Letting young people who are passionate about music be hurt like this is despicable, and it can’t continue. At a certain point, it boils down to accountability. We have to hold the abusers accountable for their actions. We have to hold ourselves accountable for turning a blind eye. We all must take it upon ourselves to learn about these issues and protect those who are less informed.

—Kayla St. Onge
kaylacst.onge@gmail.com

Let me start by saying that engaging in casual sexual acts is not a bad thing, almost every single person does it, but the problem with the touring world is the “collecting” mentality and trying to prove to your friends that you’ve had a successful night hooking up with someone. The road is monotonous and when you’re gone weeks or months at a time, people start to look for other forms of primal entertainment. It turns into a game and if you didn’t succeed that night, you are a failure and were actually made fun of by your peers. Literally treating someone as if they are a piece of meat, they do whatever it takes, whether it’s harmful to the person or not. What people seem to forget is how much an interaction, especially a sexual interaction, with someone can affect the rest of their life and at the very least, their outlook on you.
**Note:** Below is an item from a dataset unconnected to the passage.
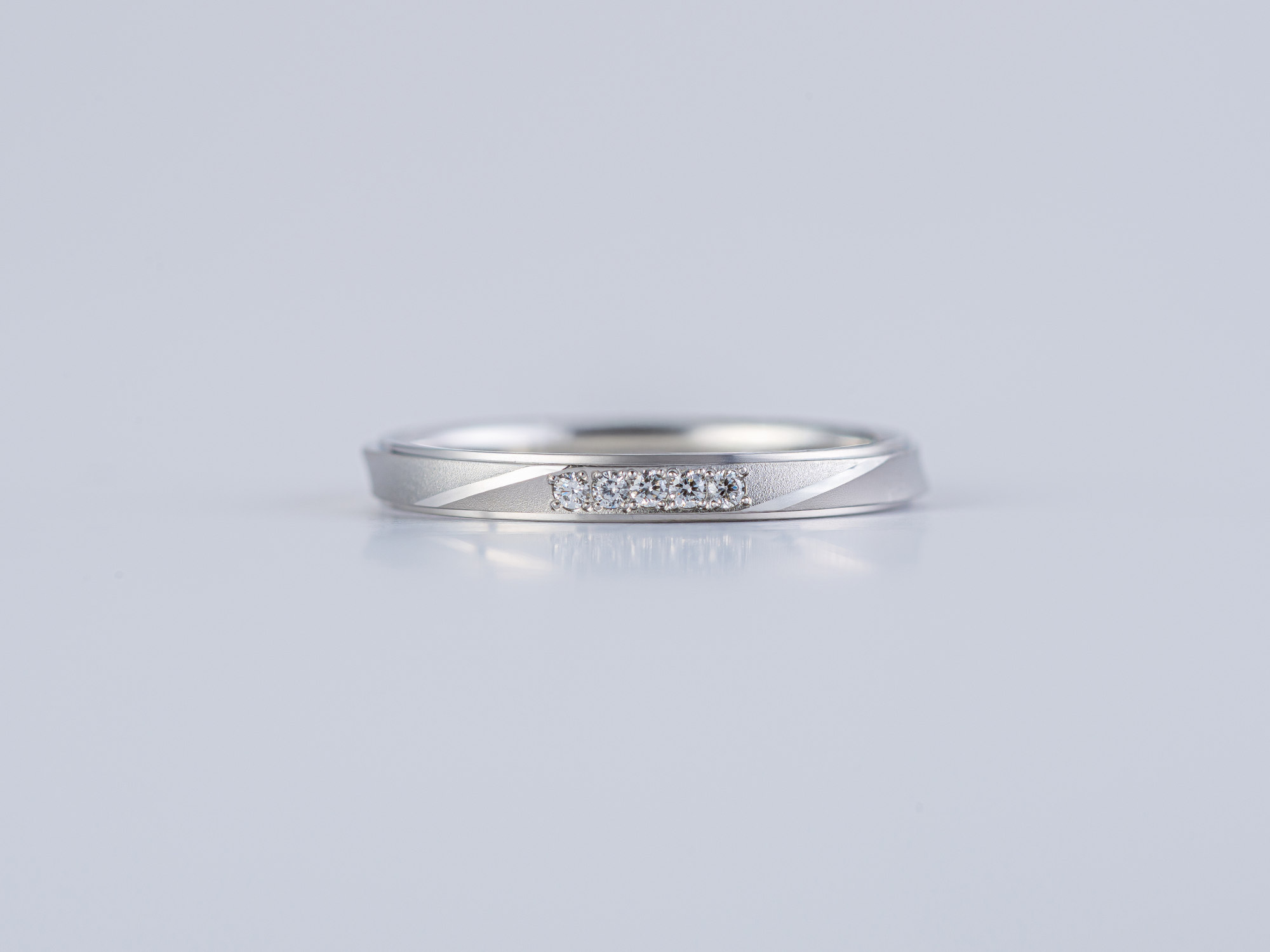 シャープなカットラインと繊細なつや消しのコントラストが、涼やかで洗練された印象を演出します。レディースは流れるラインにメレダイヤを配し、さりげない輝きを添えた結婚指輪です。

When I was single on tour I fortunately didn’t have this mentality, but had to witness way too many people who did. Almost to the point where it wasn’t even about music or seeing friends, but securing the hookup for that night. I actually did feel pressured some nights where I felt I should be acting on things, but I’m so happy I didn’t. I made some amazing friends out of it too. Casual sex is not a big deal, but manipulating someone into agreeing when they really don’t want to is a big deal. Confident people in bands are able to use their star power, whether it’s playing an arena or a coffee shop to five people, and attract someone enough to hookup at least for the night. Sometimes being a fan of the band can cloud your judgement and you are able to get taken advantage of pretty easily.
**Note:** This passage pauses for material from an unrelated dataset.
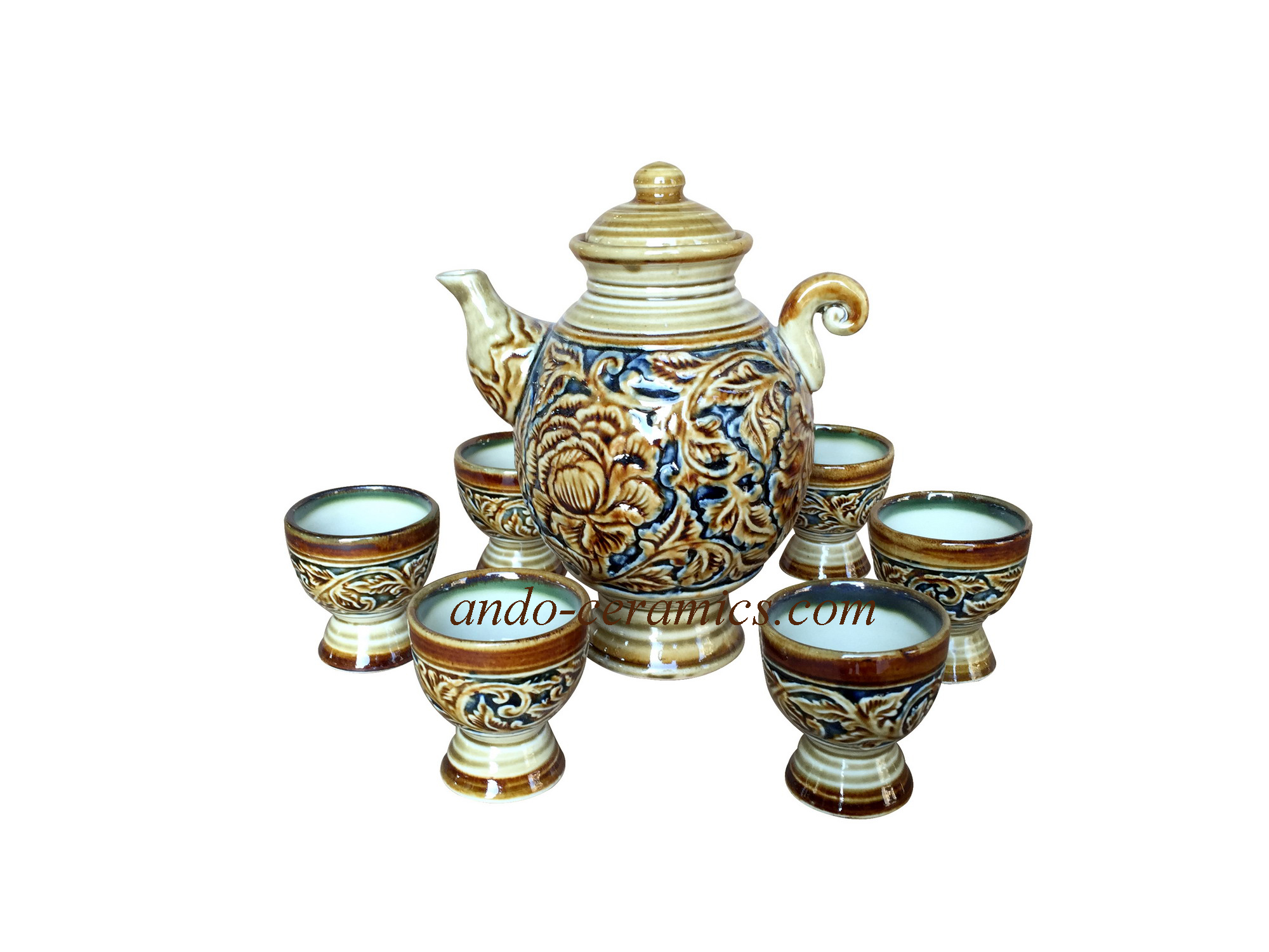 – Sản phẩm gồm có: 1 ấm + 4 chén + 1 khay tre

A major problem is when someone isn’t communicating and thinks the proper way to proceed is forcing themselves on someone else. Whether it be forcibly kissing someone without their consent and hoping it’s endearing, or actually holding someone down like you see in movies leading into some hot, erotic daydream, it could just as easily be hell for that other person. Without getting a definite “yes” from the other person, there’s a very large chance that the only way for them to get through the awkward experience is by playing along enough for it to go away. The person pursuing most likely doesn’t realize what is happening and thinks everything is all good. They never hear from you again and vice versa. The long term effects of this is something people need to talk about. Casual hookups can exist and be an awesome experience, but it’s all about communicating and getting consent before anything happens, whether tradition tells us to or not.
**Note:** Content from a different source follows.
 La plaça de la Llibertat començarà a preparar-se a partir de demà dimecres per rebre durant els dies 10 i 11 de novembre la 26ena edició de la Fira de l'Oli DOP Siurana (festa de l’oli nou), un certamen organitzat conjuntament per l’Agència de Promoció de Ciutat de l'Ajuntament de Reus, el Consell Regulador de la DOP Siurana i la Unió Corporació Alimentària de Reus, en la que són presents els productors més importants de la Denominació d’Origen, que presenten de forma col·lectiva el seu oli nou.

I’m a white, straight cisgender male and I honestly should be the last person talking about these kinds of situations, but I hope at the very least that I can get those in the band world to start thinking twice before they act. It’s a very interesting and exciting time because it seems the dialogue is growing about subjects that matter and can lead us toward real progress. I’ve made my fair share of mistakes and looking back, I know I can just better myself and hopefully help others in the process. I don’t want anyone to feel attacked. I know for a fact a lot of people will feel a bit awkward reading all of this. I’m also sure Kayla and I will be corrected by people who know more on the subject, and that’s all fine. We encourage discussion and want to learn just as much as everyone else.